The more diligent apologists of the government will say that the adoption of the budget has nothing to do with the previous events. It just works, they would say, for a random time match. And indeed it does. This time each year the procedure for passing the state budget is under way. By contrast, not every year this time we change the constitution, the parliamentary majority is being fabricated, prime ministers are running away, former ministers and businessmen are being detained. This is the first season of bringing the state budget parallel with so many in number and so many emotionally and legally strong “inspirational”, political events. But it is also true that we have changed the constitution under coercion in the past as well, that former members of the Parliament were “buying” MPs for securing government projects, and it is true that former prime ministers remained unpunished.

All this is true, as is the correct thesis contained in the title of this my public consideration which the apologists will welcome as another confirmation of their warning that there are no independent people, but only their own and their party enemies. While the headline claims that the increase in this year’s state budget is a field for even greater political corruption. This is only a logical conclusion based on the comparison of the three statistical series of data for our country for the period from 2006 to 2017/18. The first is the time series of state budgets, the second is the time series of the ranks of perceived corruption and the third time series of the index of democracy in our country. The first series is compiled with insights into the data that are regularly published by the State Statistical Office, but also by the Ministry of Finance. The second series with insights into the annual reports of Transparency International and The Economist’s third annual reports. The analysis of the movements of these three series shows that with the increase in the size of the state budget of the Republic of Macedonia, the index of perceived corruption is growing, while the index for the country’s democracy is declining. This means that the more money available, our politicians are so more corrupt and in that they are so less democratic. On the citizens’ side, this correlation means that the more money they allocate for the state budget, the less they get back in the form of public services and the less they have their voices heard.

To confirm this, I will point out the following three facts. In 2007, a state budget of 2.3 billion euros was spent, which was 63 percent higher than the 2005 budget. In parallel, in 2007, Transparency International, according to the Index of Perceived Corruption, registered the Republic of Macedonia on 84th place (out of 179 countries in the world), and the British the Economist newspaper, according to the index of democracy, registered Macedonia on the decent 68th place (out of 167). After these relatively favorable country ratings in 2007, after ten years, in 2017 we are falling. According to the index of perceived corruption, we fell to 107th place (in the company of Vietnam), and according to the index of democracy at 88th place (in the company of Bolivia). In the first case decline by 23, and in the second by 20 places lower. So, so many spots away from the always-first Norway, Denmark or New Zealand, for example, and spots closer to the last countries on the list, such as Somalia and North Korea. It’s astonishing that in the same year (2017) a state budget that is 59 percent more than the one in 2007 was spent! So, a bigger budget means greater corruption and less democratic power!

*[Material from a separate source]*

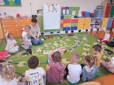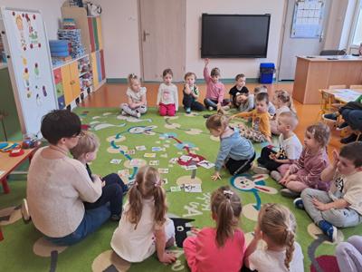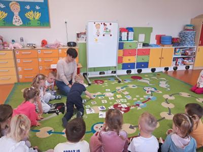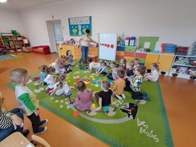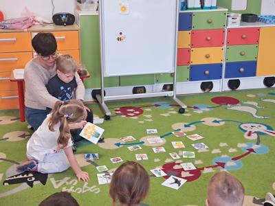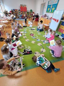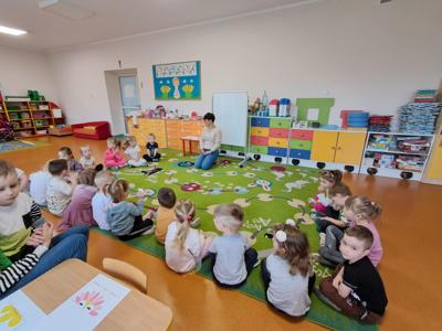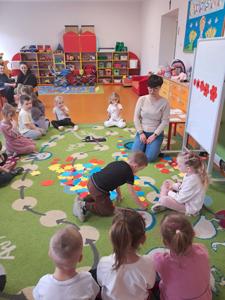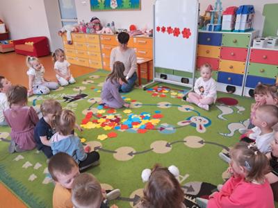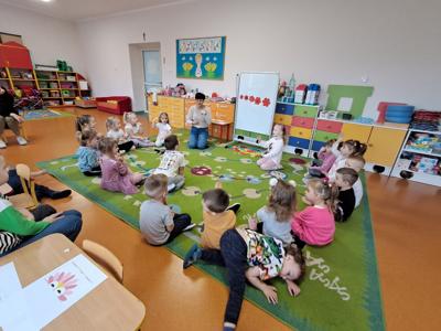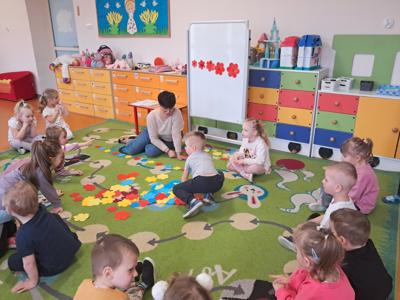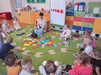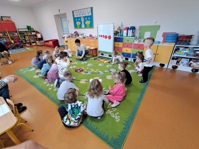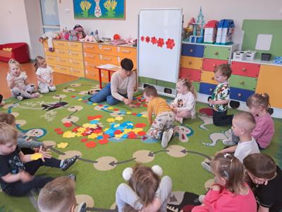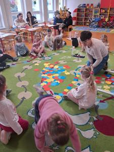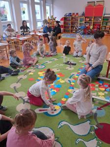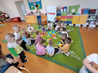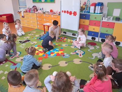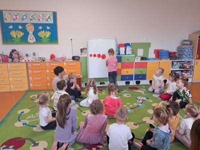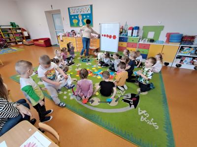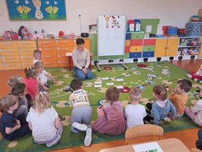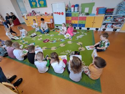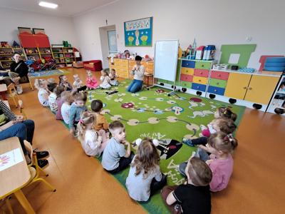 W dniu 7.04.2025r. w grupie Krasnoludków odbyły się zajęcia otwarte dla rodziców pod hasłem „Spotkanie z wiosną”. Głównym celem spotkania było kształtowanie odporności emocjonalnej dzieci oraz zdolności do wysiłku intelektualnego w obecności rodziców, a także umożliwienie im obserwacji swoich pociech na tle grupy podczas wspólnych zabaw i zadań.

If this logic holds water, then the new budget for 2019, which, according to the Government’s proposal, is considerably greater than that of this passing year (2018) can be read as a ground for further growth of corruption and a decline in democracy. In addition to this go more indicators. In addition to numerous corruption cases, we welcome the new enlarged budget without an anti-corruption commission, the mandate of the State Election Commission, originally chosen as a temporary one, has been prolonged for two years, reforms to strengthen the independence of the judiciary and the prosecution await the realization of the Government’s priorities. In such a context, it is logical to assume that without an anti-corruption commission, without an independent judiciary and without an independent prosecution, the larger budget may bring about five percent wages, here and there, but it will surely bring more corruption and less democracy anywhere.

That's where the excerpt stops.